◆ INFORMATION SUPPLIED ◆
»»
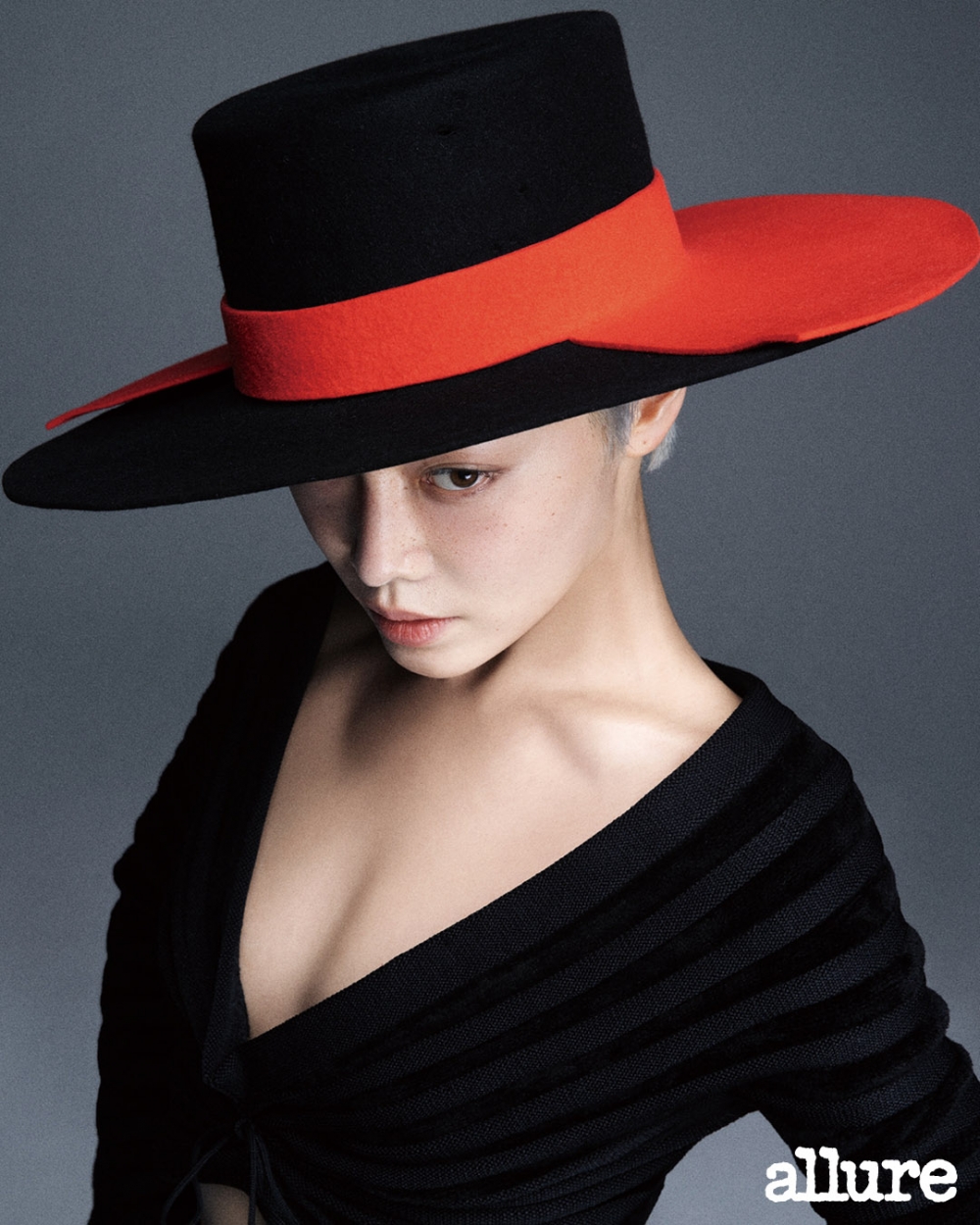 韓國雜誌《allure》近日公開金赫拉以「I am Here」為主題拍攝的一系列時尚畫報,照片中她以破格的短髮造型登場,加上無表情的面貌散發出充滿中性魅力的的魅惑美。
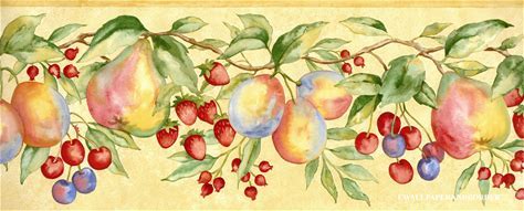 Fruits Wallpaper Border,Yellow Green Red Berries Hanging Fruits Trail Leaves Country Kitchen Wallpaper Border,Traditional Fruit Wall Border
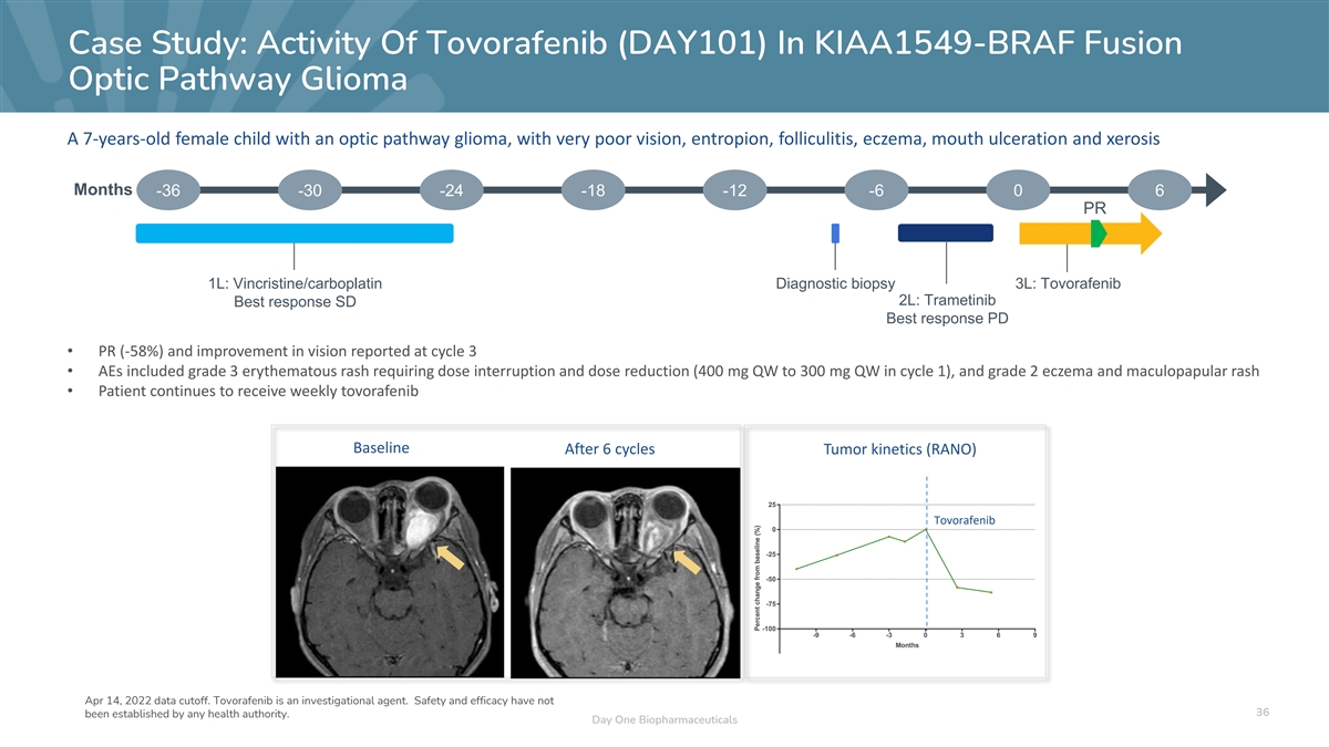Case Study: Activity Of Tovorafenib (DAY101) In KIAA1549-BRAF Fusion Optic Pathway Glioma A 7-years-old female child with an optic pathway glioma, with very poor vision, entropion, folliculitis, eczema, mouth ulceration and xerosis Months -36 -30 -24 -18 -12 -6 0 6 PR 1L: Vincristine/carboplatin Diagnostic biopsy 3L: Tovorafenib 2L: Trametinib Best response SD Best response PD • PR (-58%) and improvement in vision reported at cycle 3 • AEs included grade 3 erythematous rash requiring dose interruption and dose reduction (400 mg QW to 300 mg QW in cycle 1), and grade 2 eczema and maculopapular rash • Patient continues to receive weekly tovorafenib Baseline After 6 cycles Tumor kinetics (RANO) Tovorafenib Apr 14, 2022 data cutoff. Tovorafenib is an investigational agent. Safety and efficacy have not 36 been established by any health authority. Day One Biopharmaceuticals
««
Each line from the first line of the material above through the line containing "Fruits Wallpaper Border,Yellow" is to be reproduced exactly, with both ends kept and pictures left out.

◆ ANSWER FOR THIS EXERCISE ◆
 韓國雜誌《allure》近日公開金赫拉以「I am Here」為主題拍攝的一系列時尚畫報,照片中她以破格的短髮造型登場,加上無表情的面貌散發出充滿中性魅力的的魅惑美。
 Fruits Wallpaper Border,Yellow Green Red Berries Hanging Fruits Trail Leaves Country Kitchen Wallpaper Border,Traditional Fruit Wall Border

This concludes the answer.